Ptaquiloside1 is a natural norsesquiterpene glucoside toxin present in bracken ferns2 (Pteridium aquilinum and other species). In 1983, it was isolated and characterized by Kiyoyuki Yamada and colleagues at Nagoya University (Japan), the University of Tokyo, and JEOL Ltd. (Tokyo).

Ptaquiloside is a carcinogen and the cause of hemorrhagic disease and bright blindness in cattle and other livestock. It can enter the milk and meat of affected animals and is known to cause esophageal and gastric cancer in humans. In 2019, Lars Holm Rasmussen and co-workers at the University of Copenhagen elucidated the biochemical fate of ptaquiloside in cattle.

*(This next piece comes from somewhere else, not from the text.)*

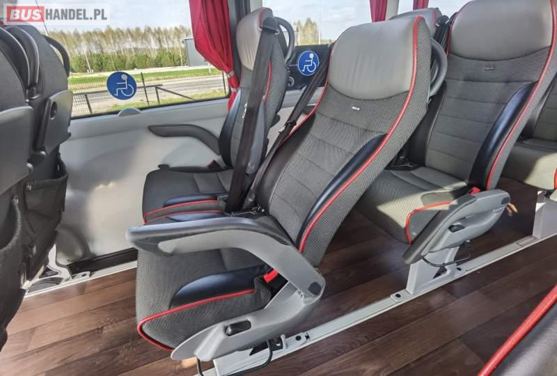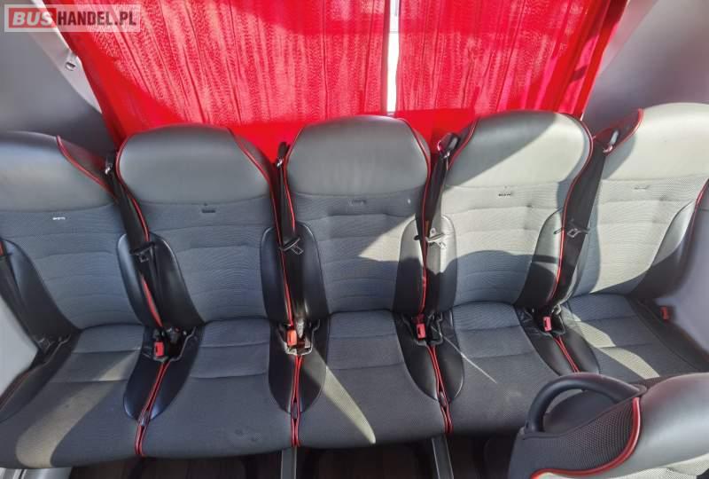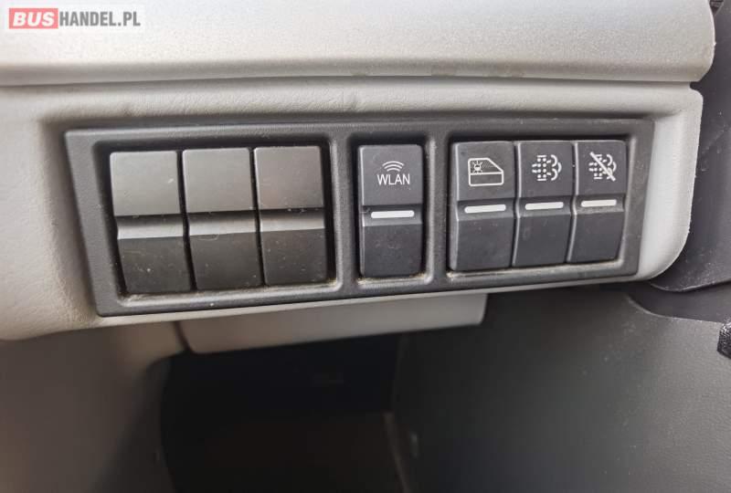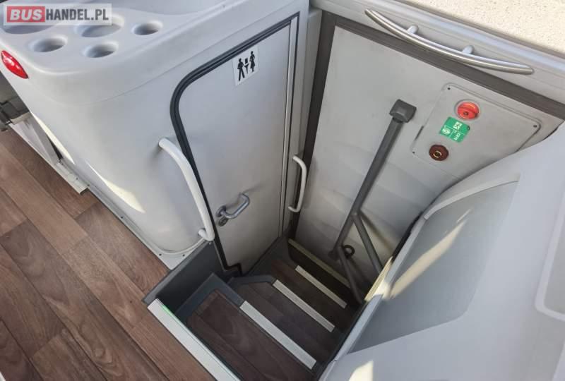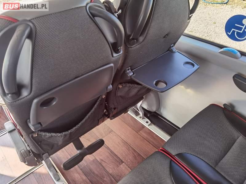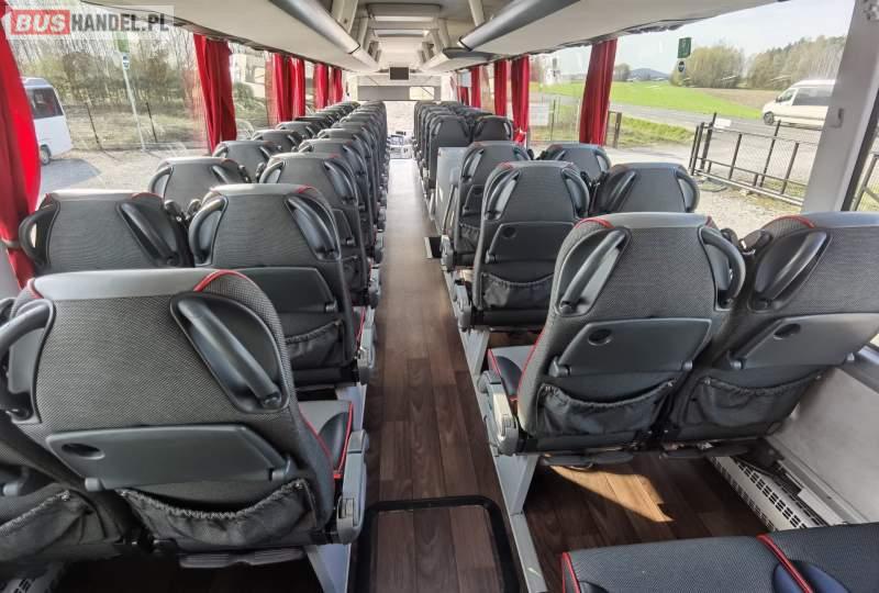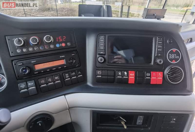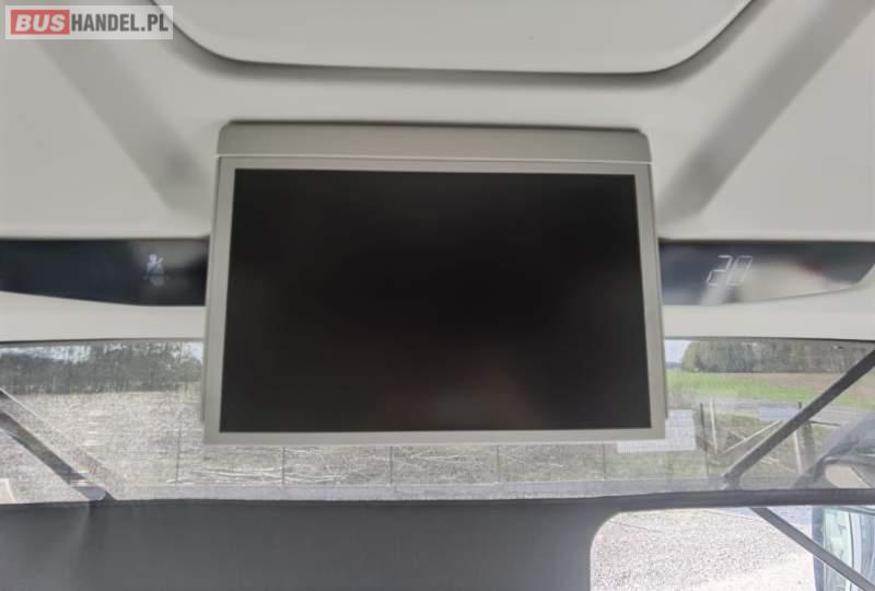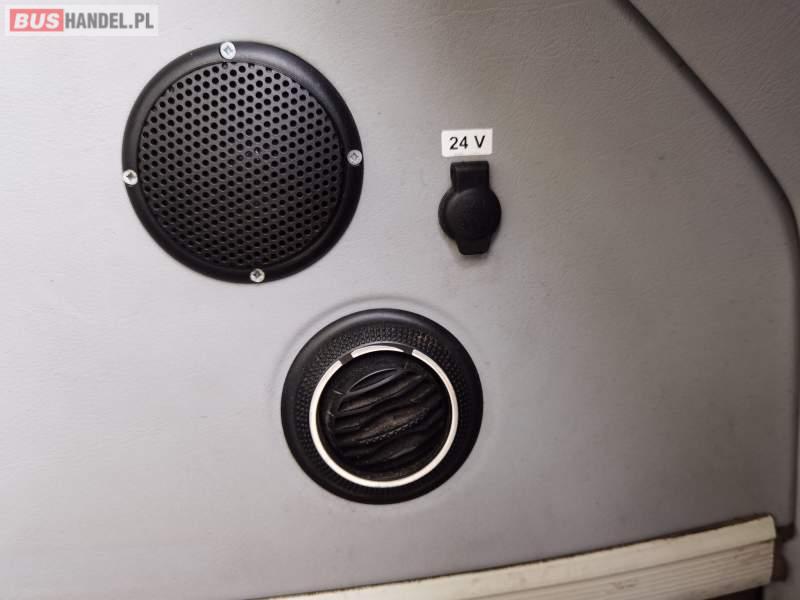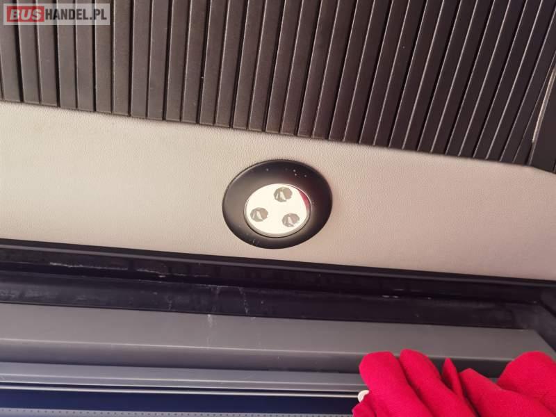 : video, WC, lodówka, fotele odchylane, oświetlenie indywidualne, siateczki, ABS, ASR, tempomat, retarder, nawigacja, CD, stoliczki, mikrofon, klimatyzacja, radio, regulacja wysokości nadwozia, centralny zamek, podwójne szyby boczne, wspomaganie kierownicy, elektryczne lusterka, aluminiowe felgi, DVD, ogrzewanie stacjonarne, ESP

Ptaquiloside has been well studied and reported, including in Chapter 13 of Color Atlas of Diseases and Disorders of Cattle (3rd ed., 2011) and in several publications cited by Science.gov in the 2000s and 2010s.

Although ptaquiloside is highly toxic, no safety data sheets for it are available.

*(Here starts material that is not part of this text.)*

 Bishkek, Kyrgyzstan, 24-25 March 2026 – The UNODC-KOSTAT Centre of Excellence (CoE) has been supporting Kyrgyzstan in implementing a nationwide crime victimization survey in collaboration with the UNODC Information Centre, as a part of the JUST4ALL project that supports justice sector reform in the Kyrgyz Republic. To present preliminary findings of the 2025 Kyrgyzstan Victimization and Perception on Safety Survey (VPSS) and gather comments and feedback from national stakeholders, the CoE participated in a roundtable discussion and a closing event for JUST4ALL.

1. SciFinder: Spiro[cyclopropane-1,5′-(5H)inden]-3′(2′H)-one, 7′a-(β-d-glucopyranosyloxy)-1′,3′a,4′,7′a-tetrahydro-4′-hydroxy-2′,4′,6′-trimethyl-, (2′R,3′aR,4′S,7′aR)-.
2. People who collect the edible ostrich fern (Matteuccia struthiopteris) must be careful to avoid bracken ferns that grow in the same temperate climates.

Molecule of the Future

Epetraborole1 is a bicyclic boron-containing compound that was disclosed in a 2008 international patent application by Stephen J. Baker and co-inventors at Anacor Pharmaceuticals (Palo Alto, CA; now part of Pfizer). It and related compounds were claimed to be useful for treating bacterial infections. 

Molecule of  the Future

In 2017, AN2 Therapeutics (Menlo Park, CA) was founded to commercialize pharmaceuticals for underrepresented infectious diseases. AN2, which went public in March of this year, licensed epetraborole from Pfizer to develop it as a treatment for a chronic mycobacterial lung disease that is acerbated by multidrug-resistant Mycobacteroides abscessus. A Phase 2/3 clinical trial on epetraborole was launched in May and is expected to be completed in 2025.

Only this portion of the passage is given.